• _PROBLEM TO SOLVE_:
Since pictures are not part of the copy, please output only the lines from the one with "Wear it as a" through the end of the data below, exactly as written.

═══ DATA BELOW ═══

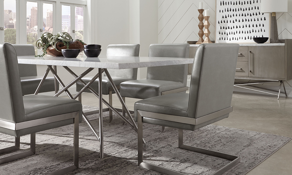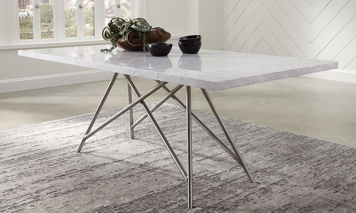 Crafted from from hand-cut-and-welded stainless steel tubing, these luxury dining room sets include a marble dining table and four chairs in a cool, Coral Gray.
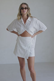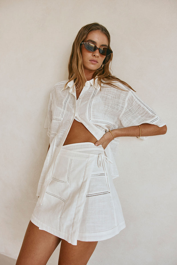Wear it as a set or use it as a styling piece, theΒ Banks Skirt is made from a natural cotton cheesecloth fabric in white. It is a high waisted style featuring a wrap panel at front with side tie closure, lace panel detailing and mini length hem. Get the set with the Banks Top. Designed exclusively by Sabo.
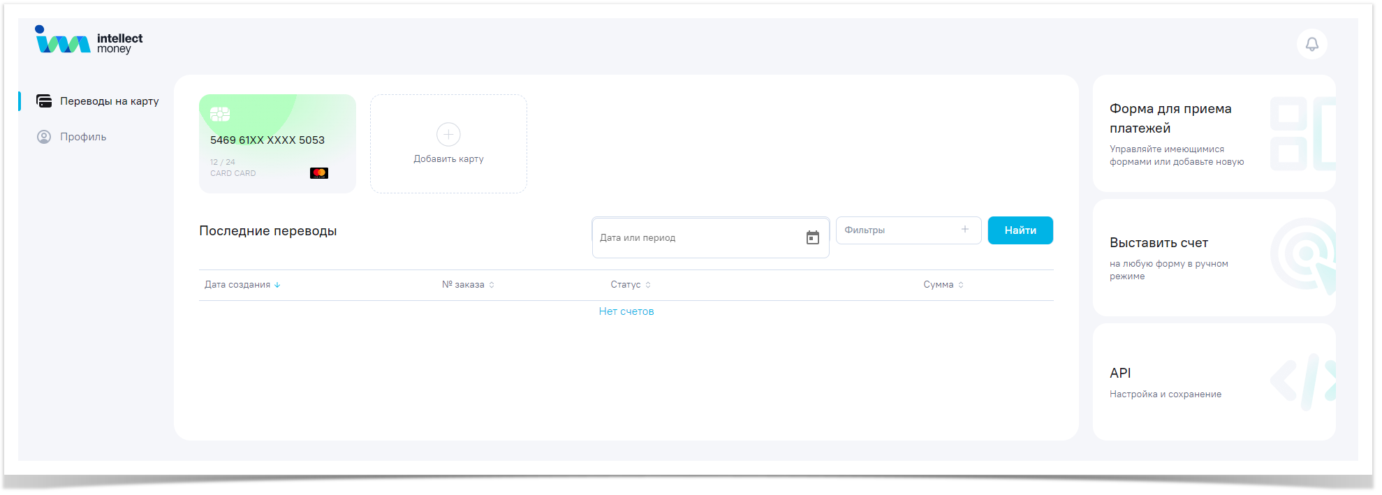 Укажите карту , на которую вы хотите принимать платежи (можно использовать несколько карт). - Выставляйте счет на оплату или создайте форму для приема переводов
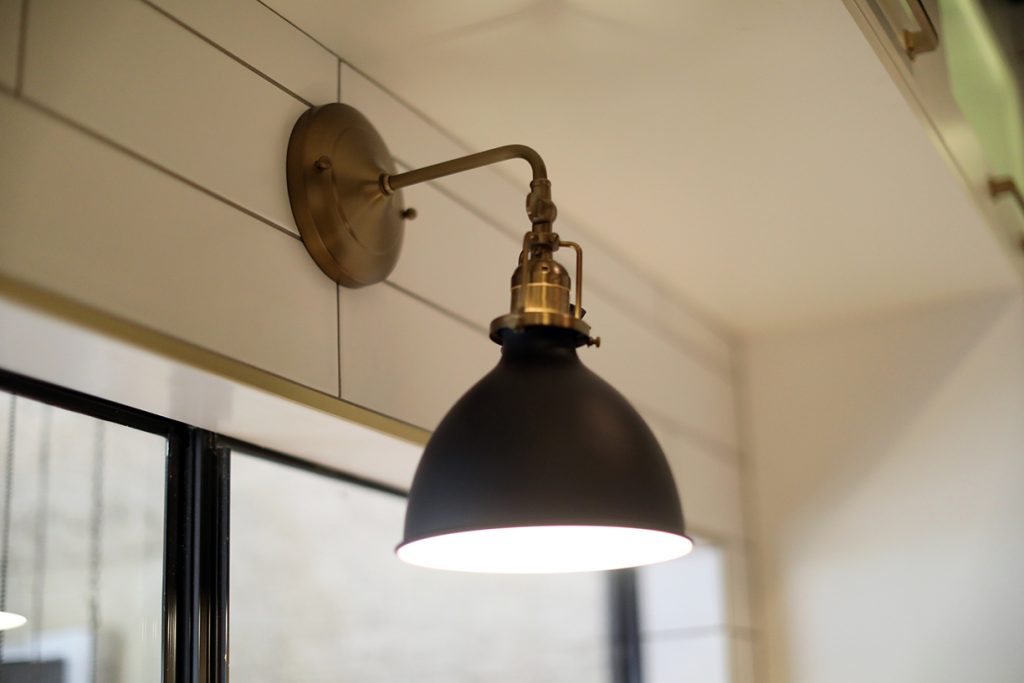 A Chandler Kitchen Remodeling Project highlighted with this Black and Gold lighting fixture.

═══

• _EXERCISE ANSWER_:
Wear it as a set or use it as a styling piece, theΒ Banks Skirt is made from a natural cotton cheesecloth fabric in white. It is a high waisted style featuring a wrap panel at front with side tie closure, lace panel detailing and mini length hem. Get the set with the Banks Top. Designed exclusively by Sabo.
 Укажите карту , на которую вы хотите принимать платежи (можно использовать несколько карт). - Выставляйте счет на оплату или создайте форму для приема переводов
 A Chandler Kitchen Remodeling Project highlighted with this Black and Gold lighting fixture.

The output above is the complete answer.